EXERCISE AIM - Reprint all of the data below exactly as shown and skip every image.

═════ DATA ═════

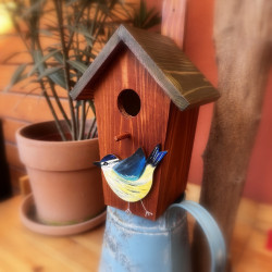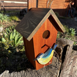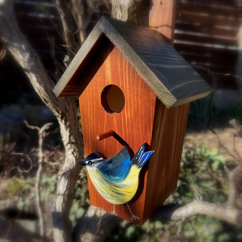 Dřevěná malovaná ptačí budka s vyřezávaným a malovaným motivem sýkorky je přelakována lodním lakem.
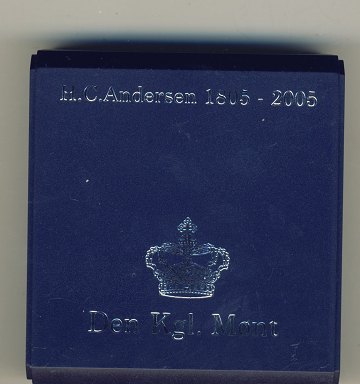 10 kr. SØLV - præget i anledningen af 200 året for H.C. Andersens fødsel. Vægt: 31,1 gr. Med tilhørende æske og papir.
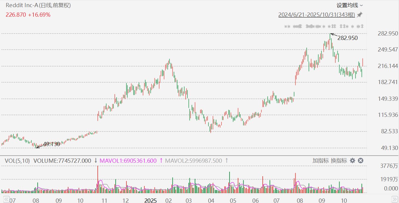 Reddit(RDDT.US)大涨近19%,报230.92美元。消息面上,公司周四公布的第三季度财报远超所有预期。营收同比增长68%至5.85亿美元,每股收益达0.8美元,远超0.51美元的目标。净利润为1.63亿美元,高于去年同期的1.33亿美元,增幅达23%。

═════

RESULT FOR THIS EXERCISE -
 Dřevěná malovaná ptačí budka s vyřezávaným a malovaným motivem sýkorky je přelakována lodním lakem.
 10 kr. SØLV - præget i anledningen af 200 året for H.C. Andersens fødsel. Vægt: 31,1 gr. Med tilhørende æske og papir.
 Reddit(RDDT.US)大涨近19%,报230.92美元。消息面上,公司周四公布的第三季度财报远超所有预期。营收同比增长68%至5.85亿美元,每股收益达0.8美元,远超0.51美元的目标。净利润为1.63亿美元,高于去年同期的1.33亿美元,增幅达23%。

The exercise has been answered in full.